§ RECORDS FOR THIS TASK:
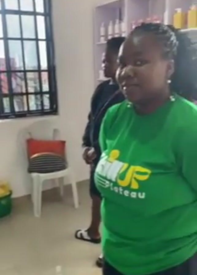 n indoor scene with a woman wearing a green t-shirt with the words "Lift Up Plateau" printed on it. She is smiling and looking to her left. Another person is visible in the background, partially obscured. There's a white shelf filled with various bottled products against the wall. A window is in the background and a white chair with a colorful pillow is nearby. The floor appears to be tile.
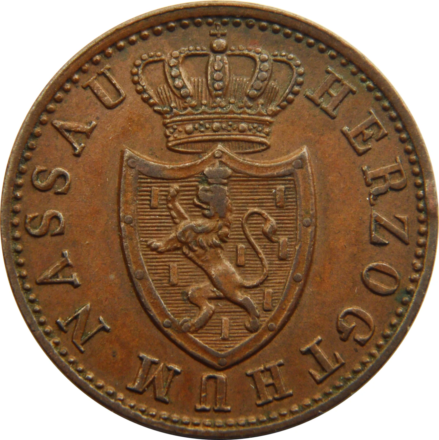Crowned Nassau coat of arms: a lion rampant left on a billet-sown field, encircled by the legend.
* * *
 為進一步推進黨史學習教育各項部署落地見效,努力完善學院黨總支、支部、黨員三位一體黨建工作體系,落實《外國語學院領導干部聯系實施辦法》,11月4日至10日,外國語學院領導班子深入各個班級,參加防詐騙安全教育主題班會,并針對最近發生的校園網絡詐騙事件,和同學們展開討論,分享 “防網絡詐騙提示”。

§ TASK DETAILS: Although pictures appear among the entries, please set down only the lines from the one with "n indoor scene" up to and including the one with "Crowned Nassau coat", word for word.

§ RESPONSE BOX:
 n indoor scene with a woman wearing a green t-shirt with the words "Lift Up Plateau" printed on it. She is smiling and looking to her left. Another person is visible in the background, partially obscured. There's a white shelf filled with various bottled products against the wall. A window is in the background and a white chair with a colorful pillow is nearby. The floor appears to be tile.
Crowned Nassau coat of arms: a lion rampant left on a billet-sown field, encircled by the legend.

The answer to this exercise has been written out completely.